Identification, selection, and retrieval of Nipah protein sequences. The Nipah Virus proteins were downloaded from the NCBI database (https:// www.ncbi.nlm.nih.gov/). nine protein sequences i.e., nucleocapsid protein (ID: NP_112021.1), P phosphoprotein (ID: NP_112022.1), V protein (ID: NP_112023.1), W protein (ID: YP_007188592.1), C protein (ID: NP_112024.1), matrix protein (ID: NP_112025.1), fusion protein (ID: NP_112026.1), attachment glycoprotein (ID: NP_112027.1), and polymerase (ID: NP_112028.1) were selected for the possible vaccine construction and retrieved from the NCBI database in protein FASTA format. Table (1) lists the proteins sequences with their NCBI accession numbers.
Table 1
ID
|
Protein
|
NP_112021.1
|
Nucleocapsid protein
|
NP_112022.1
|
P phosphoprotein
|
NP_112023.1
|
V protein
|
YP_007188592.1
|
W protein
|
NP_112024.1
|
C protein
|
NP_112025.1
|
matrix protein
|
NP_112026.1
|
fusion protein
|
NP_112027.1
|
attachment glycoprotein
|
NP_112028.1
|
polymerase
|
Cytotoxic T lymphocytes epitope prediction. Production of the vaccine subunits, cytotoxic T lymphocyte (CTL) epitope prediction is very important in immune system stimulation. The NetCTL 1.2 server (https://www.cbs.dtu.dk/services/NetCTL/) was used to predict CTL epitopes [25]. MHC-I binding affinity, proteasomal C terminal cleavage, and TAP (Transporter Associated with Antigen Processing) is a major influencing factor in the selection of epitopes. The default thresholds for the CTL prediction were set as is at 0.05, 0.15, and 0.75 for the parameters such as TAP transport efficiency, proteasomal C-terminal cleavage, and epitope identification. The predicted epitopes were classified by the combined value.
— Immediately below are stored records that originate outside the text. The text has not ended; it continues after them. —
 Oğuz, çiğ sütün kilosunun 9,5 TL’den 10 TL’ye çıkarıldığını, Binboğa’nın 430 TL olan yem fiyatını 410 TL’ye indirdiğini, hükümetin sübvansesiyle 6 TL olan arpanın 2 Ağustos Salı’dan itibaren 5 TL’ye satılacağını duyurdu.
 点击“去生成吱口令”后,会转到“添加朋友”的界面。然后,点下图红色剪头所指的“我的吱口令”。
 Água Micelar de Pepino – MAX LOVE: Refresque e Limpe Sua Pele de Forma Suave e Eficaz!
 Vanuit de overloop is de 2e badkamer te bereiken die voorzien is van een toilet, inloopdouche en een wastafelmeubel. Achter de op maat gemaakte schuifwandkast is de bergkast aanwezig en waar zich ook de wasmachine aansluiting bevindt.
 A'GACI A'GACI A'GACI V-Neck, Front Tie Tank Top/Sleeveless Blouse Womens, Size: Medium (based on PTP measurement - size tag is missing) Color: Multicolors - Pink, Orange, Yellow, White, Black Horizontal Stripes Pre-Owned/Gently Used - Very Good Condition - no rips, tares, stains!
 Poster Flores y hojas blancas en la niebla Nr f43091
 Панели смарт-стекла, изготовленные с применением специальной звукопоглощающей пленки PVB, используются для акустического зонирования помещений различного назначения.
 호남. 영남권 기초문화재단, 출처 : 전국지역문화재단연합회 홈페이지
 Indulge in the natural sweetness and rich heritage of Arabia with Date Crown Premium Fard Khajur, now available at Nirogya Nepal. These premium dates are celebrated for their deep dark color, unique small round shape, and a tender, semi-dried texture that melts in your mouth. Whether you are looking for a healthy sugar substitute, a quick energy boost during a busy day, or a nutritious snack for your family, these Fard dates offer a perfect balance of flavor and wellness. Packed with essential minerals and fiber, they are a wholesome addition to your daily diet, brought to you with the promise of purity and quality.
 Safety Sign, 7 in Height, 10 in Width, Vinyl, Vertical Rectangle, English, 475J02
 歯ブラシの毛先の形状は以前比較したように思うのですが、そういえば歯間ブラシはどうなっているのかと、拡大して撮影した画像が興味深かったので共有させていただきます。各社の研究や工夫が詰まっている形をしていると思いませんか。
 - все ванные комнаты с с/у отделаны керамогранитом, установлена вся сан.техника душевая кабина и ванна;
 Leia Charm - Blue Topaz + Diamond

Prediction of Helper T lymphocytes epitope. To predict Helper T lymphocytes (HTL) epitopes, we used The IEDB MHC II server (http://tools.iedb.org/mhcii/) [26]. The species/locus was chosen as Human/ HLA-DR, and a 7-allele human leukocyte antigen (HLA) reference set was selected for the HTL epitopes prediction. By default, the 15-meter length of the epitopes was selected, and generated epitopes were classified according to the percentile value. The percentile rank is given after analyzing the epitope score with 5 million peptides with length 15-mer from the SWISSPROT database, compounds with the highest percentile score show a high affinity of MHC-II.
Prediction of interferon-gamma-inducing epitopes. HTLs filtered from the previous step were undergone further analysis to identify whether they can stimulate interferon-gamma (IFN-γ) immune response by using the (15-mer) IFNgamma epitope server (http://crdd.osdd.net/raghava/ifnepitope/scan.php). Server prediction based on Support Vector Machine (SVM) and epitopes were predicted by selecting IFN-γ versus non-IFN-γ stimulating epitopes [27]. Finally, epitopes with positive results for the IFN-γ response go for the in-silico vaccine construction.
Prediction of linear B‑cell epitopes. B lymphocytes that produce antibodies can be activated alongside stimulation of humoral immune response. We used ABCpred servers (http://www.imtech.res.in/ raghava/abcpred/) [28] to predict epitopes that initiate the humoral immune response to activate B-cells. 16-mer was the window length, based on a recurrent neural network with a 0.51 threshold value, keeping overlapping filter on. Because of a large number of epitopes predicted, only epitopes having a score of more than 0.9 were only chosen for the construction of the candidate vaccine.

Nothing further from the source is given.